The Ministry of Health (MoH) announced today that no suspected cases of mpox have been detected among the nearly 2.64 million travelers screened at the country’s international entry points since August 16.
As of yesterday, 33 suspected mpox cases have been reported at health facilities. Of these, 32 cases have been confirmed negative, and one case is still pending laboratory results.
The MoH advises travelers from high-risk countries to monitor their health for 21 days following their arrival.
The ministry also reported that 13 laboratories, including eight government and five private labs, are equipped to conduct mpox detection tests. Two of these labs can perform genetic sequencing to identify virus variants.
As a precautionary measure, MoH has conducted engagement sessions with various ministries, agencies, and non-governmental organizations (NGOs) to outline their roles in controlling and preventing mpox. Additionally, virtual sessions have been held with the Foreign Ministry and Malaysian missions in African countries to enhance cooperation and information sharing.
The World Health Organization (WHO) has not issued any travel advisories or restrictions related to mpox so far. Therefore, individuals visiting high-risk countries are advised to practice good personal hygiene, avoid contact with symptomatic individuals or sick animals, seek medical attention if symptoms develop, and follow MoH guidelines.

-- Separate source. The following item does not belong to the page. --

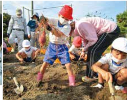
「地域と交流〜さつまいも掘り」 県主小学校

MoH emphasized the need for a coordinated national and global response to address the mpox threat, highlighting the importance of individual self-health management. The ministry will continue working closely with WHO and the Association of Southeast Asian Nations (ASEAN) to manage the situation.
Mpox was declared a Public Health Emergency of International Concern for the second time on August 14. The virus, particularly the clade IIb variant, began spreading in 2022 and continues to affect several African countries. Increased transmission of clade Ia and clade Ib has been reported in Congo and other African countries, with clade Ib also detected in Sweden and Thailand, linked to travel history in Africa.
Mpox primarily spreads through close contact with infected individuals or through direct contact with rashes, lesions, or respiratory fluids of an infected person.